Informed Comment

Thoughts on the Middle East, History, and Religion

Juan Cole is President of the Global Americana Institute

Wednesday, July 24, 2002


A Bush Appointee Brings up Concentration Camps for American Muslims

The comments of Peter Kirsanow, a Bush appointee to the US Civil Rights commission, in Detroit over the past weekend are beyond belief. He openly brought up the possibility that if there were another big al-Qaida strike on the US, Muslim Americans could be put in camps. He was quick to say he did not favor such a move, only that the public would certainly demand it. "If there's a future terrorist attack in America "and they come from the same ethnic group that attacked the World Trade Center, you can forget about civil rights," he said.

In a hearing in which Arab Americans from Dearborn complained about infractions against their civil rights since September 11, Kirsanow was openly dismissive of these concerns.

The Bush administration was quick to distance itself from Kirsanow. It should distance itself even further by firing the man. No one is so naive as to believe he wasn't deliberately raising the camps issue as a way of putting it on the public agenda. The world has changed since World War II and so has the United States. The public values of this country do not allow us at this point in the Republic's history to impose collective punishment on a whole population because of the deeds of a handful of persons. Muslim Americans are extremely diverse, and there are probably 3 million of them. They are from Malaysia and Morocco, India and Egypt. They are Sunnis and Shiites and Ismailis. The vast majority of them would feel no kinship with radical fundamentalists like Bin Laden and Muhammad Atta. US authorities have estimated that there are no more than 100 persons in the United States who have sworn allegiance to al-Qaida, and no more than 5,000 sympathizers. In a population of three million, this is a tiny, tiny fringe. Most of the al-Qaida operatives we know about have come recently from Europe or the Middle East and only a handful have been American citizens.
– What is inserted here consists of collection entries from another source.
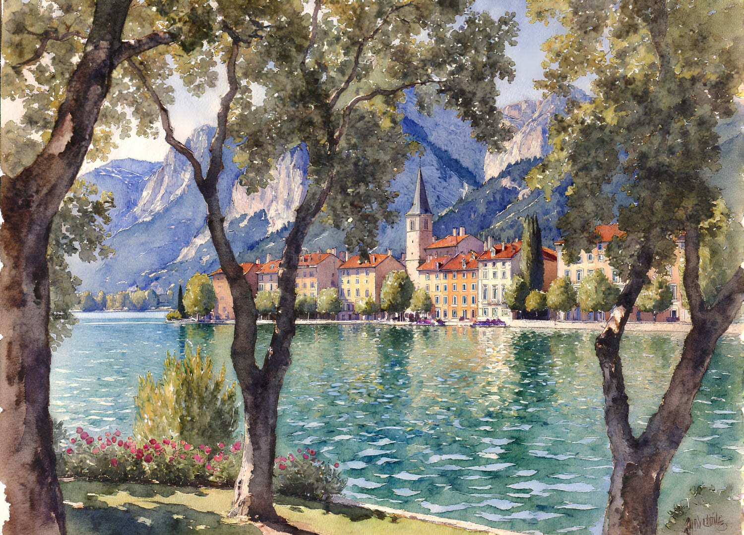 アルプスの山々に囲まれたエメラルドブルーの水面と、静かな公園の木々が、心に溜まったものを洗い流してくれるような清潔感を与えます。
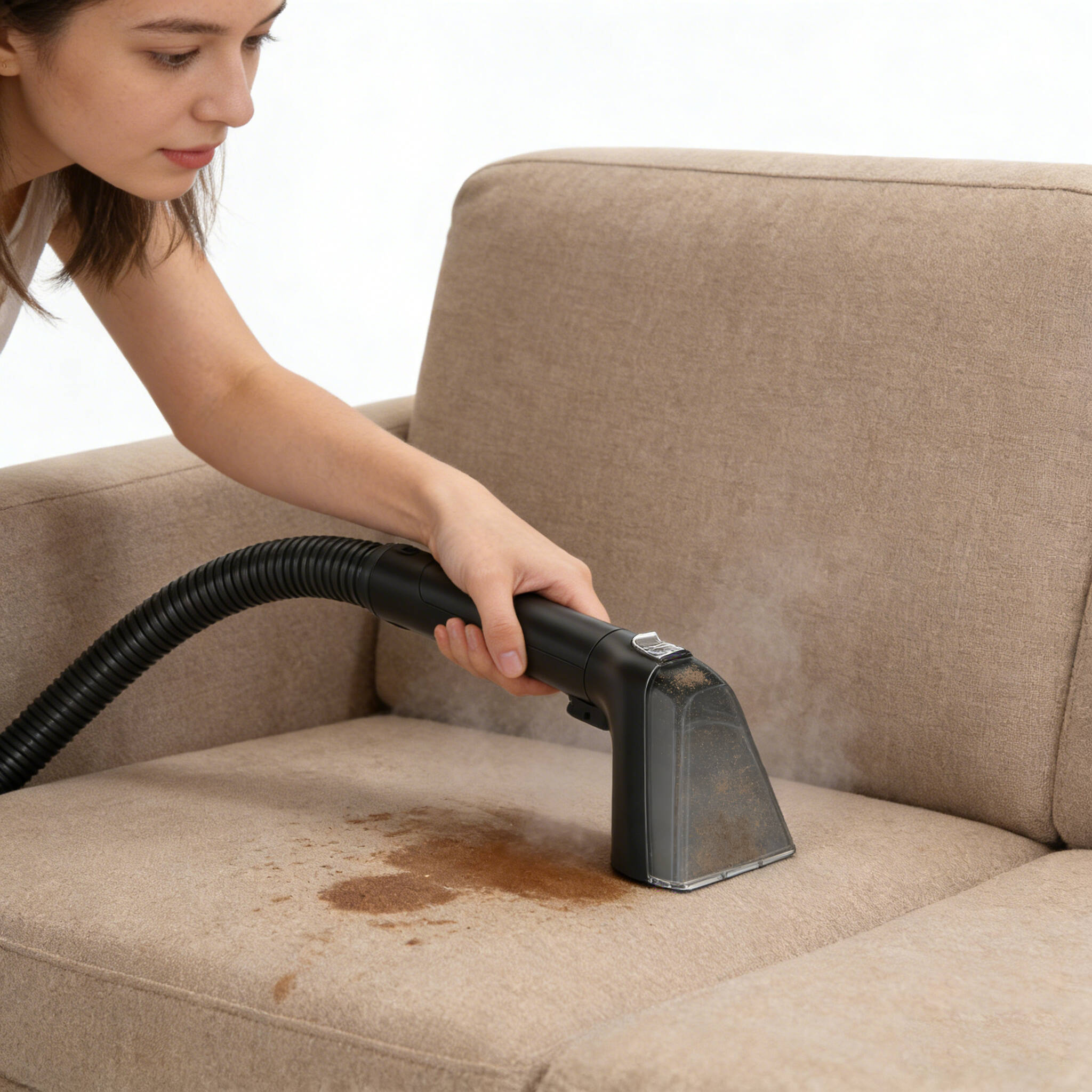 Ånga (100°C) med sug: För djupgående desinficering och fläckborttagning i tjocka mattor och möbler.
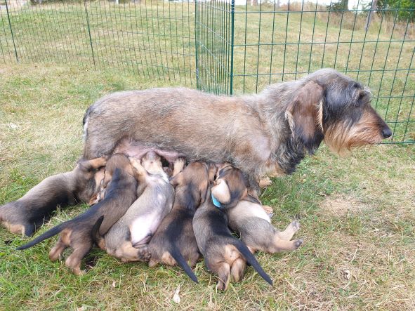 Tiden går fort och nu är det bara en vecka kvar till valparna flyttar till sina nya hem. Idril är inte så pigg på att låta dom dia längre men vi måste se till att hon inte kommer in till dom för nära inpå att hon själv har ätit för då vill spy upp mat till dom. Annars gillar hon att att mysa och busa med dom.

Kirsanow should not have brought this nightmarish issue up. As a member of the Civil Rights Commission, he should be defending human rights, not dismissing them. Bin Laden has openly said that he desired to steal Americans' freedom from them. He wants them to know what it is like to live in the authoritarian Middle East. Kirsanow appears to have fallen for Bin Laden's trap. The rest of us should not.